Just because Oprah doesn't drive a truck is not a good excuse for YOU not to drive a truck. If Oprah jumped off a cliff would you jump after her?
On second thought, don't answer that.
I'm just guessing here, but I'm pert-near positive that not only does Oprah not own a truck, but that she's never devoted a single episode to the one and only truly-American vehicle designed to do more than just get you from your penthouse apartment to Bloomingdale's.
It's a tragedy I say -- an unbelievable, un-American tragedy!
But, we can't all be perfect!
If I had my own show, I'd devote an entire week to Living With an American Truck. Monday's episode would be called "How to Show Your Truck That You Care." Tuesday would be "237 Reasons for Washing Your Dodge Ram." Wednesday would showcase celebrities who drive Ford F-150s. Thursday would be dedicated to "Hauling: It's In Our Blood." And Friday would be "Do It In A Truck."

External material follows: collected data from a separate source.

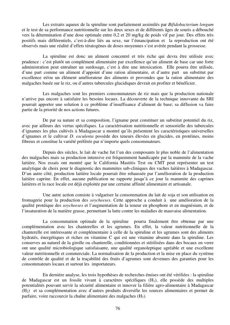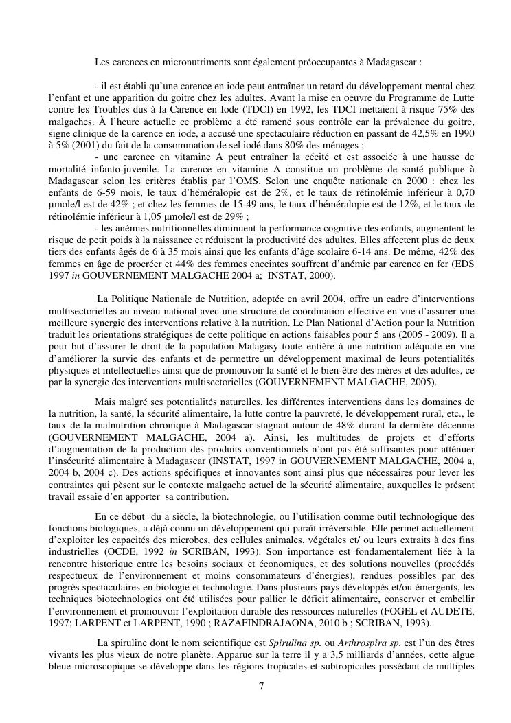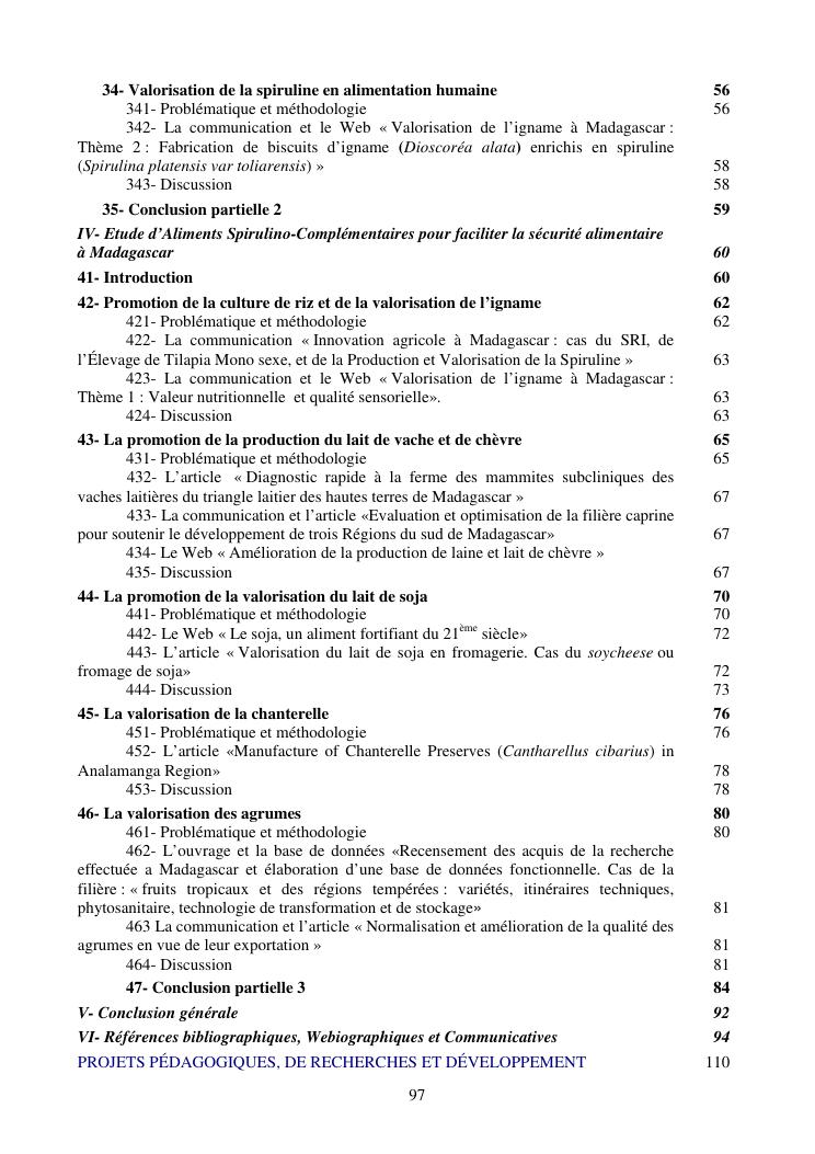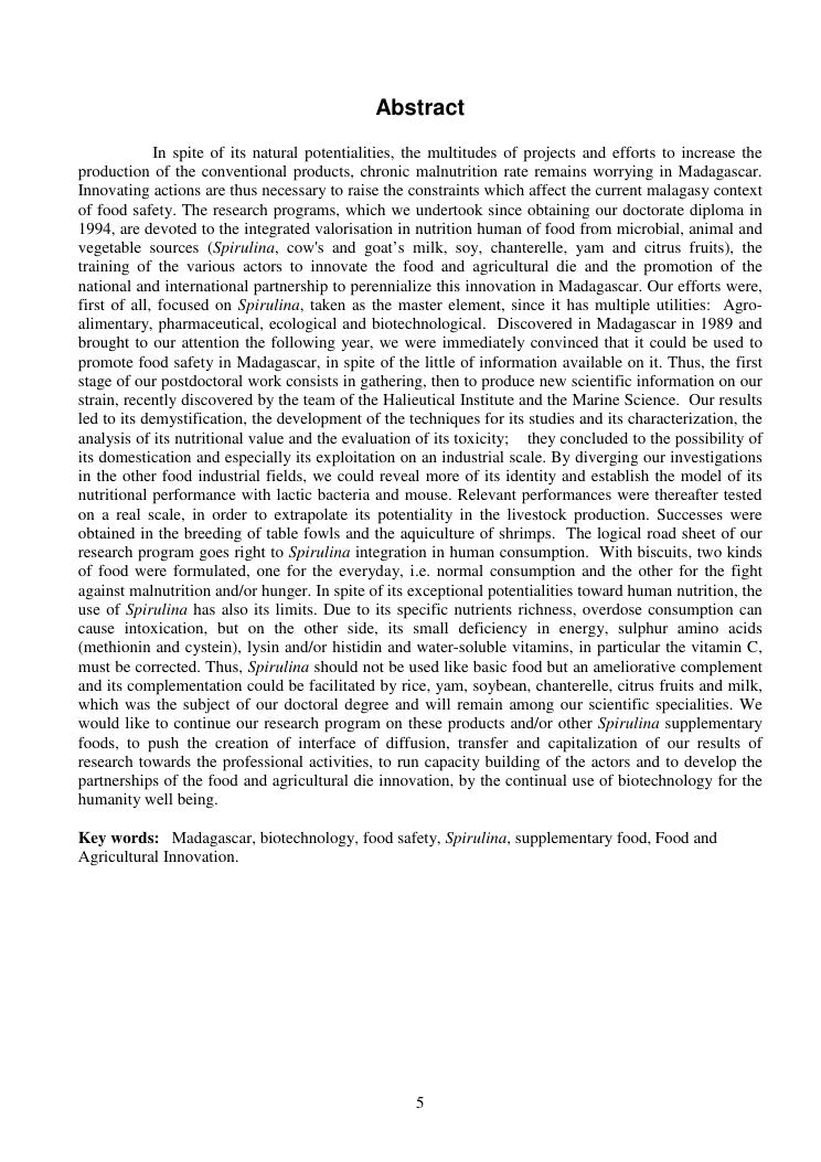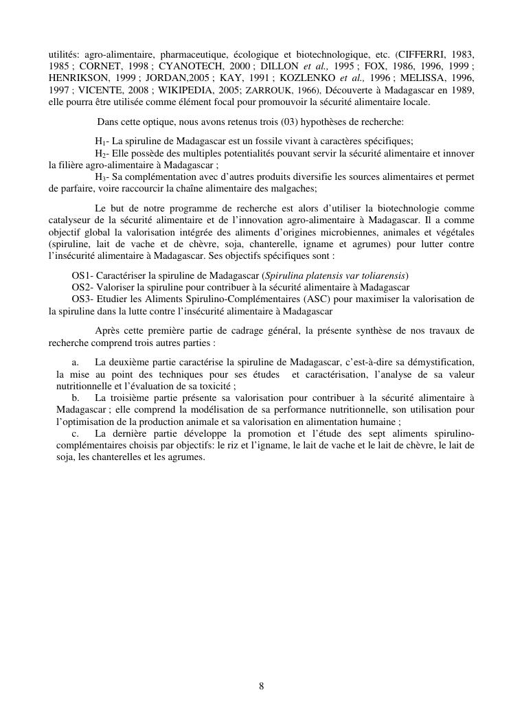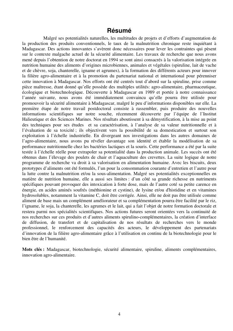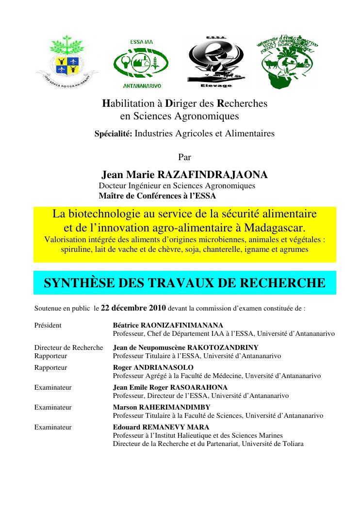 la biotechnologie au service de la sécurité alimentaire et de l'innovation agro-alimentaire à madagascar. valorisation intégrée des aliments d'origines microbiennes, animales et végétales : spiruline, lait de vache et de chèvre, soja, chanterelle, igname et agrumes. synthèse des travaux de recherche
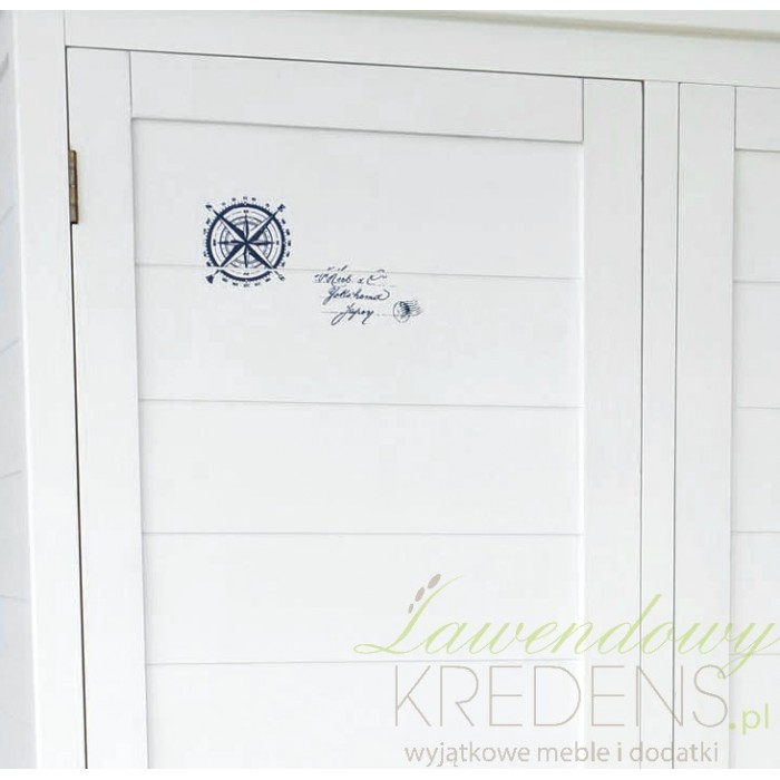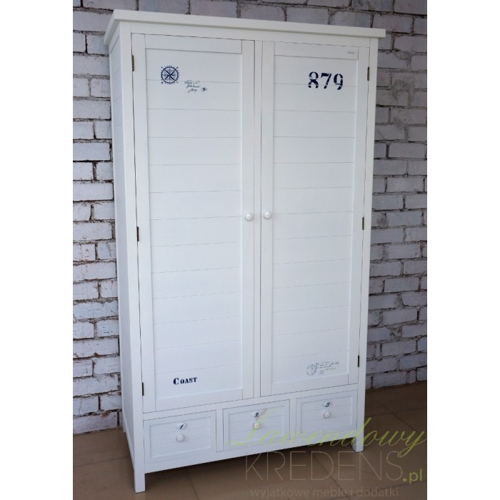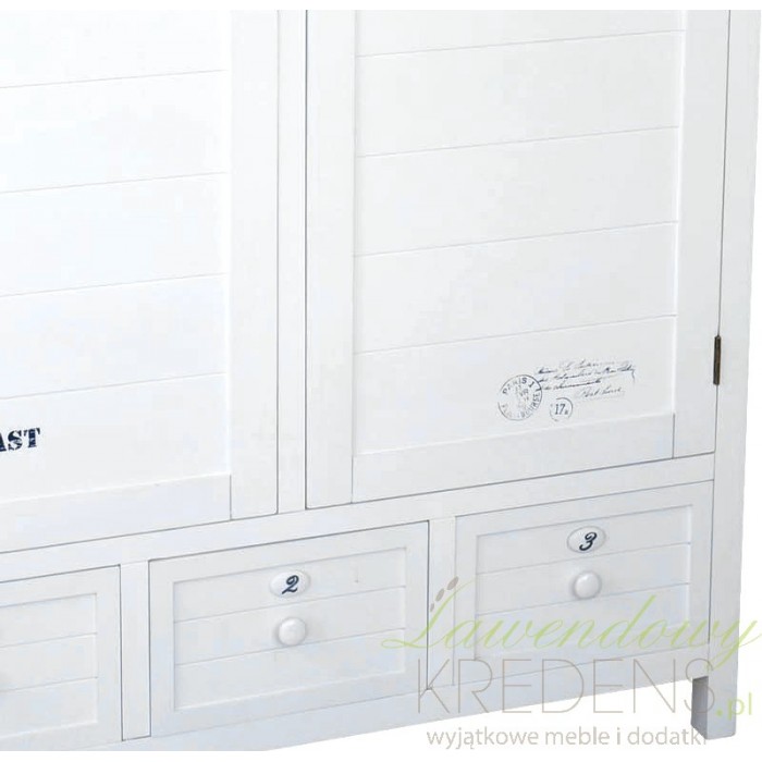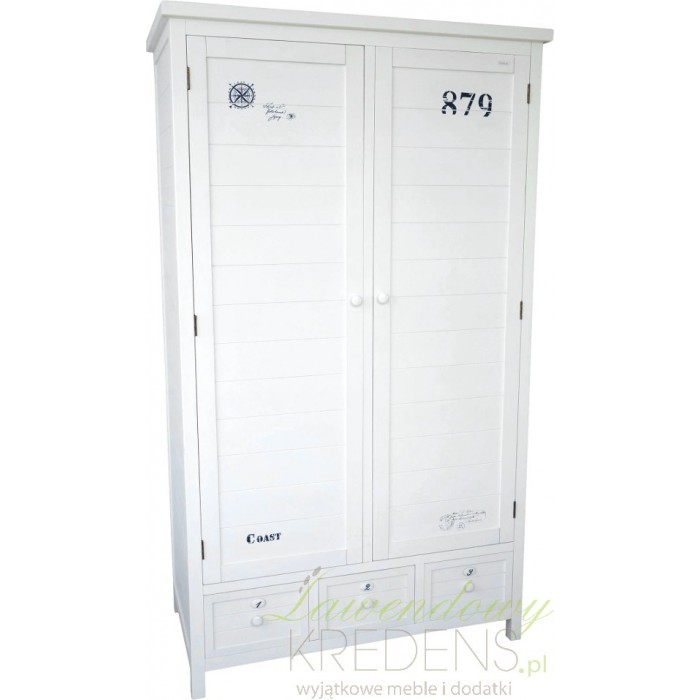 Biała szafa z parą drzwi została zbudowana z dobrej jakości drewna paulownia. W dolnej części mebla znajdują się trzy szufladki wykończone ładnymi gałkami. Całość ozdobiono motywami marynistycznymi w granatowej barwie np. stemplem z kotwicą, numerami, napisami. Białe meble prowansalskie wyglądają niezwykle szykownie i uniwersalnie. Zachęcamy!
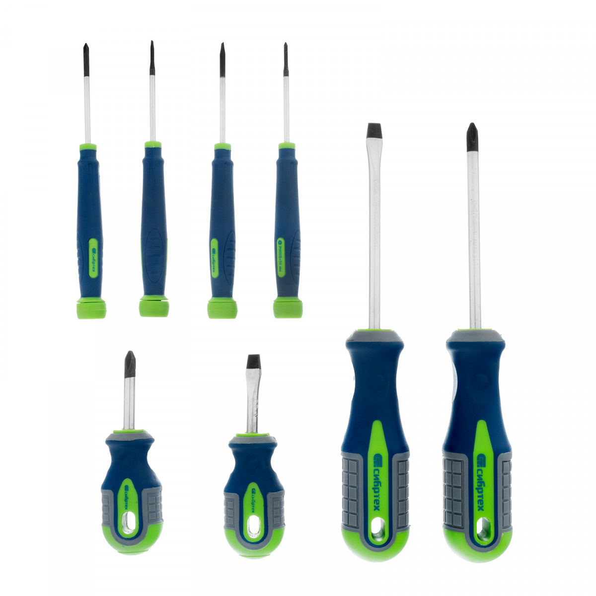 Набор отверток универсальный, CrV, трехкомпонентные рукоятки, 8 предметов Сибртех
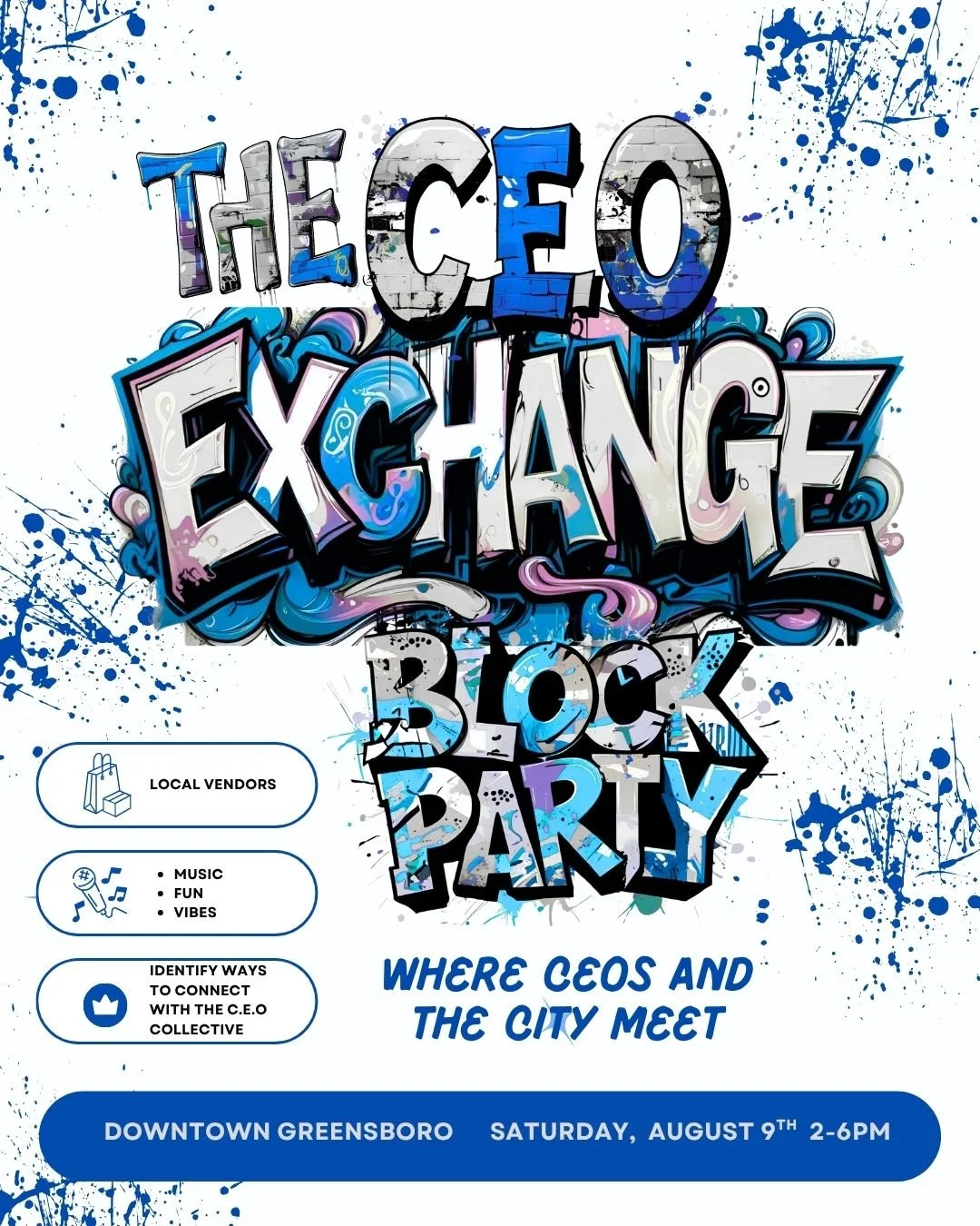 The CEO Exchange Block Party is your opportunity to be part of something bigger: This downtown celebration was curated to highlight the vision, hustle, and creativity of local entrepreneurs right in the heart of Greensboro. Whether you’re a vendor looking to expand your reach or a supporter who believes in shopping small and thinking big, this event is for you. Please share and tag your friends.
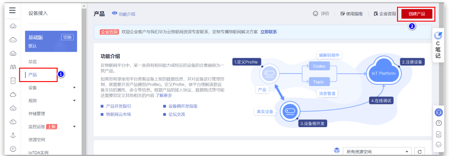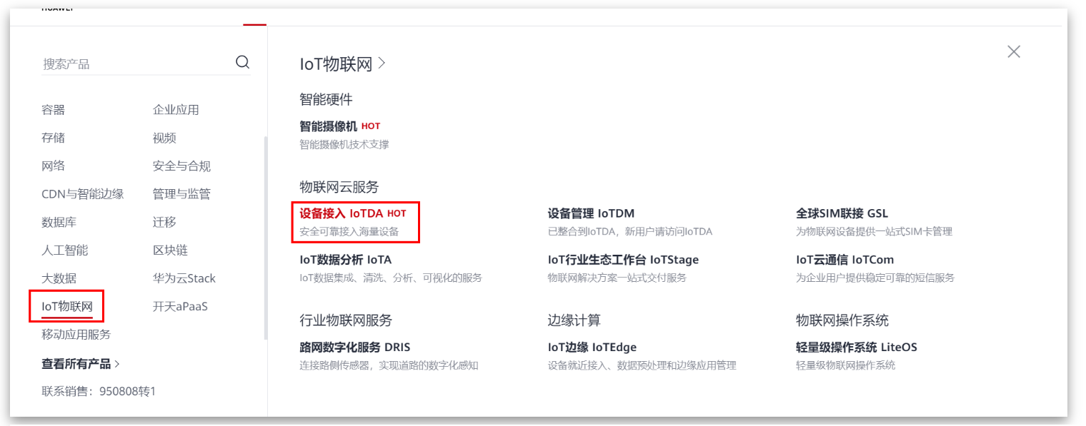 在产品页面找到iot物联网,选择设备接入IOTDA

Without a pickup truck, America wouldn't be the America we all know and love. How would we haul hay to our goats? With what would we pull our fishing boats? How would we go muddin'?
Trucks are useful; trucks are sturdy; trucks make you feel independent and able to do the things that need to get done.
Viagra can't hold a stick to The Power of the Truck!
I have no idea why Oprah never had an episode on such an all-American vehicle, but she must have had her reasons. Oh well, c'est la vie!
Are you ready to Live Without Oprah?